So for a while now I’ve been getting requests at work for a certain type of brownies I made a month or so — Marbled Chocolate Almond Brownies. Almonds are really the star of these brownies: the almond butter in the batter, the hint of almond extract, and the chocolate almond spread that swirls gorgeously throughought it all.
Without a doubt, this recipe depends on the Chocolate Almond Spread in the marble. Today, I’m posting the recipe just for the spread, which tastes great on toast too! In a few days, I’ll get around to posting the actual brownie recipe.
Trust me, this spread is amazing. It’s like an almond version of Nutella, but it tastes much more… natural and is probably much healthier for you.

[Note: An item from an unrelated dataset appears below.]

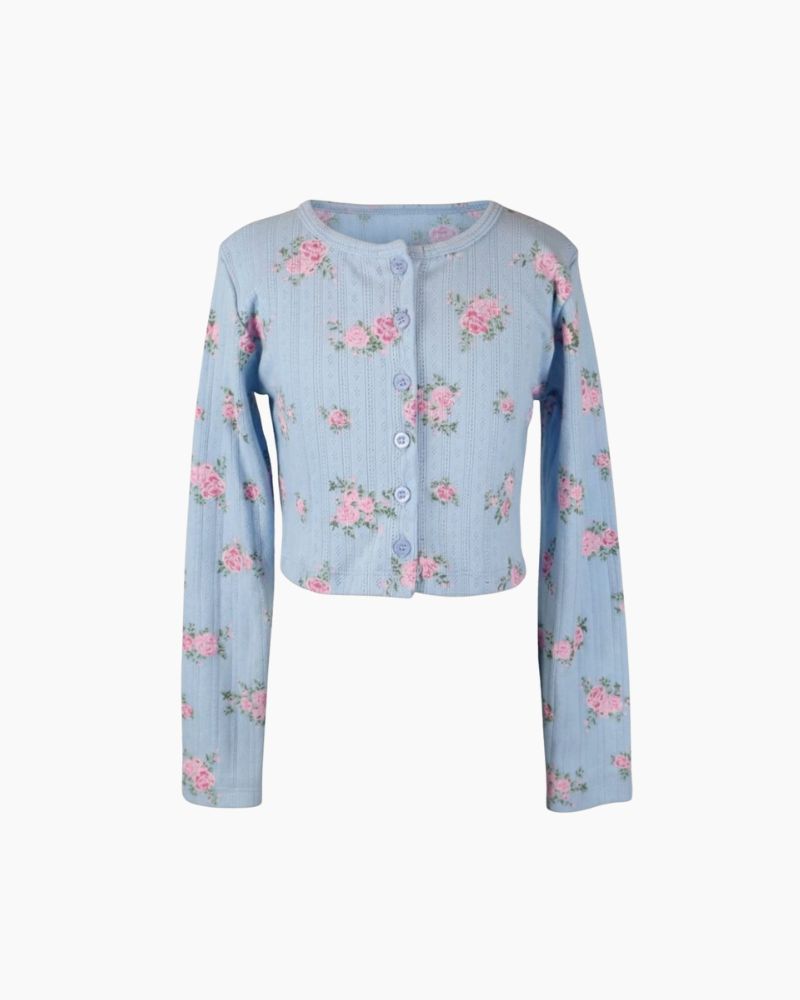 LS FLORAL POINTELLE CARDI - BLUE / 8 is backordered and will ship as soon as it is back in stock.

I recommend you toast your almonds before you start and use unsalted ones. The toasting is not that hard, only takes about 6 minutes, and really enhances the nutty flavour.
So, without further ado, my Chocolate Almond Spread!
Chocolate Almond Spread
Ingredients:
2 cups almonds, toasted
¼ cup cocoa
1 cup icing sugar
½ cup oil
Directions:
1.   Preheat oven to 400F Spread out the almonds (if untoasted) on a metal baking sheet in a single layer. Place in oven for around 3 min. Open and stir the nuts around.  Cook for another 3 minutes. By this point the nuts should smell fragrant and their flavour intensified, but not burnt. Let almonds cool.
2.   Put almonds in food processor and puree until the almonds form a stiff ball. This may take a few minutes; be patient.
3.   Once a ball is formed, add the icing sugar and cocoa. Process for another 3 or so minutes, then add the oil. You made need less than ¼ cup or you may need all of it; I usually end up using the whole ¼ cup.
4.   Keep whirring it around until it has reached a spread like consistency that you’re satisfied with. If you want a slurpier spread, add a bit more oil. Use in the brownie recipe, on toast, or if you’re a glutton like me, on a spoon!